**Problem details**
Apart from the pictures, every line below needs to be reproduced verbatim.

**Provided material**
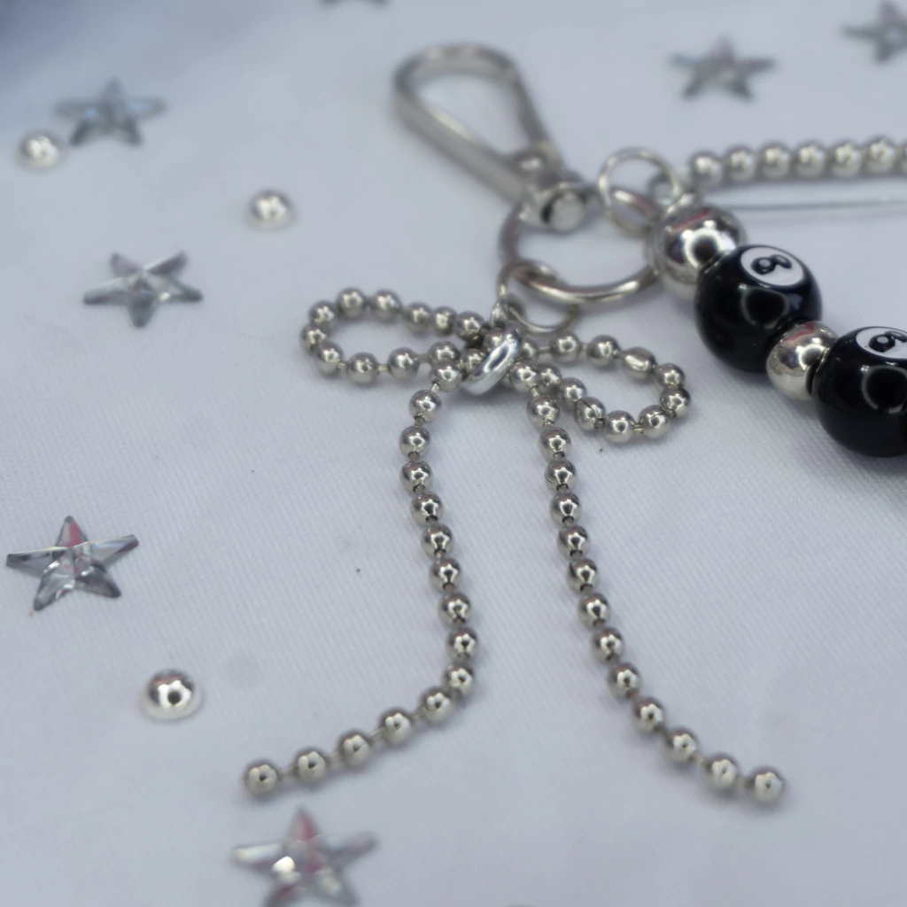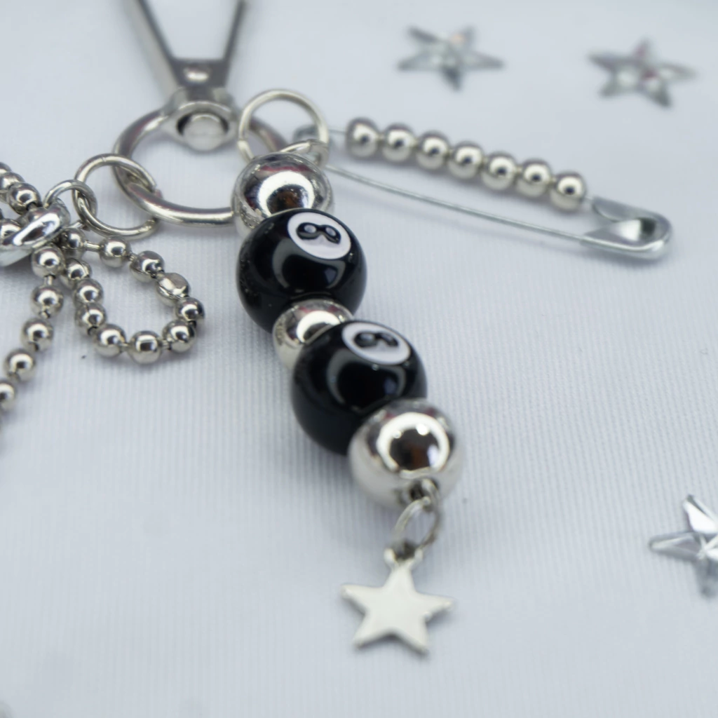 Com o icônico 8-ball como destaque, ele vem com um laço feito de corrente metálica e um alfinete customizado cheio de miçangas prateadas — detalhes que transformam esse chaveiro em um acessório cheio de atitude.
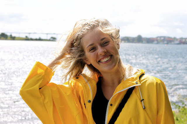 Jeg har fået mig en ny gul sag. Med denne regnjakke på, føler jeg, at jeg kan klare alt! Den nye danske, gule superhelt. Min mutter og jeg gik en tur nede ved vandet i et sådant vejr, som har præget lille Danmark en lang periode nu. Sol, regn, sol, regn, sol regn. Og blæst! På søndag flygter jeg afsted fra vejret og ned til 40 graders varme i Grækenland med tre søde piger. Jeg må hellere lade min smarte, gule regnjakke blive hjemme denne gang. Desværre..
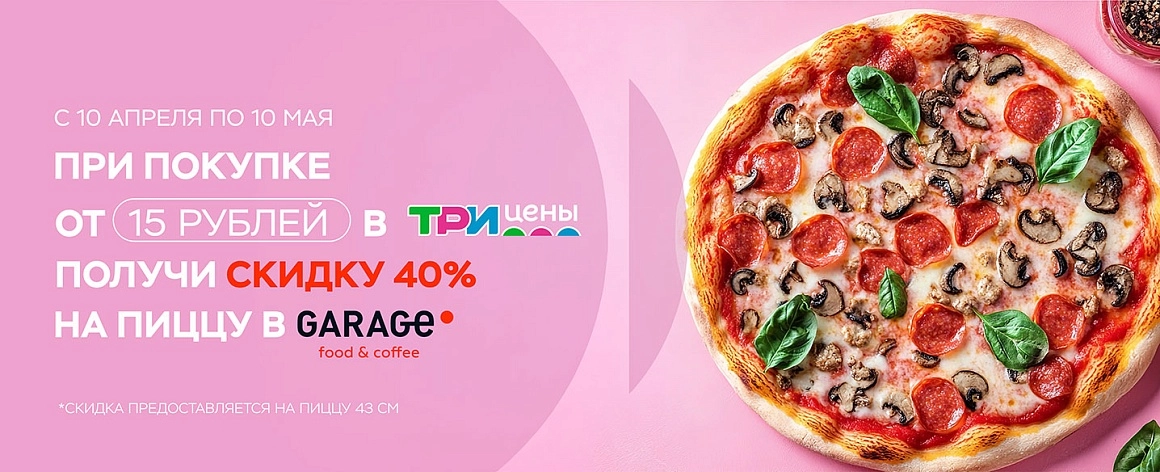 С 10 апреля по 10 мая в сети магазинов «Три цены» проходит совместная акция с кафе GARAGE. При покупке от 15 рублей выдается дополнительный чек со скидкой -40% на пиццу 43 см в кафе GARAGE (в зале или навынос). Для применения купона необходимо назвать промокод сотруднику кафе или указать его в мобильном приложении garage.by.
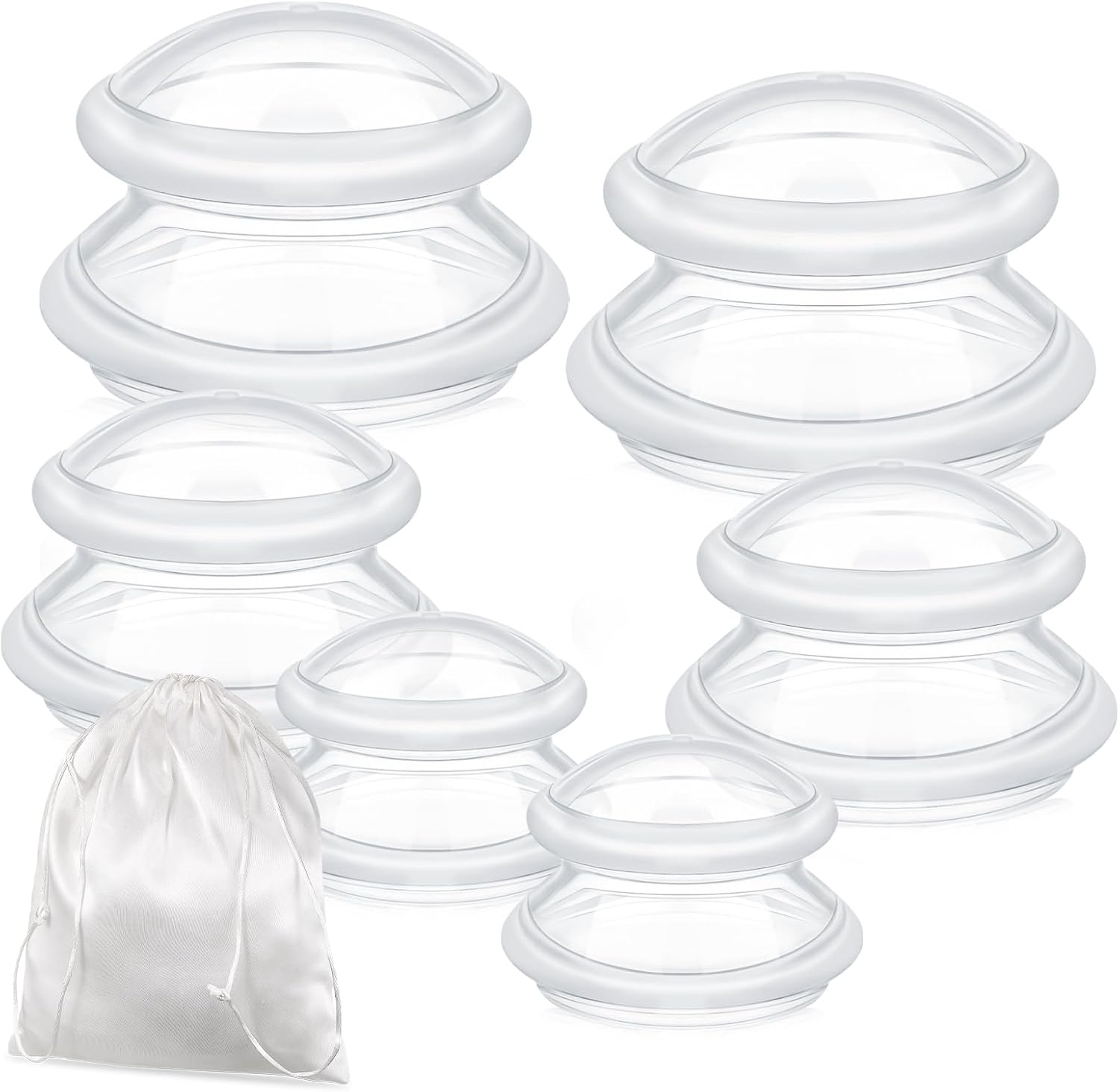 TrelaCo 6 Pcs Cupping Kit for Massage Therapy 3 Sizes Silicone Cupping Set Chinese Massage Therapy for Studio Household Cellulite Joint Pain Muscle Pain(Clear)

**Your response**
 Com o icônico 8-ball como destaque, ele vem com um laço feito de corrente metálica e um alfinete customizado cheio de miçangas prateadas — detalhes que transformam esse chaveiro em um acessório cheio de atitude.
 Jeg har fået mig en ny gul sag. Med denne regnjakke på, føler jeg, at jeg kan klare alt! Den nye danske, gule superhelt. Min mutter og jeg gik en tur nede ved vandet i et sådant vejr, som har præget lille Danmark en lang periode nu. Sol, regn, sol, regn, sol regn. Og blæst! På søndag flygter jeg afsted fra vejret og ned til 40 graders varme i Grækenland med tre søde piger. Jeg må hellere lade min smarte, gule regnjakke blive hjemme denne gang. Desværre..
 С 10 апреля по 10 мая в сети магазинов «Три цены» проходит совместная акция с кафе GARAGE. При покупке от 15 рублей выдается дополнительный чек со скидкой -40% на пиццу 43 см в кафе GARAGE (в зале или навынос). Для применения купона необходимо назвать промокод сотруднику кафе или указать его в мобильном приложении garage.by.
 TrelaCo 6 Pcs Cupping Kit for Massage Therapy 3 Sizes Silicone Cupping Set Chinese Massage Therapy for Studio Household Cellulite Joint Pain Muscle Pain(Clear)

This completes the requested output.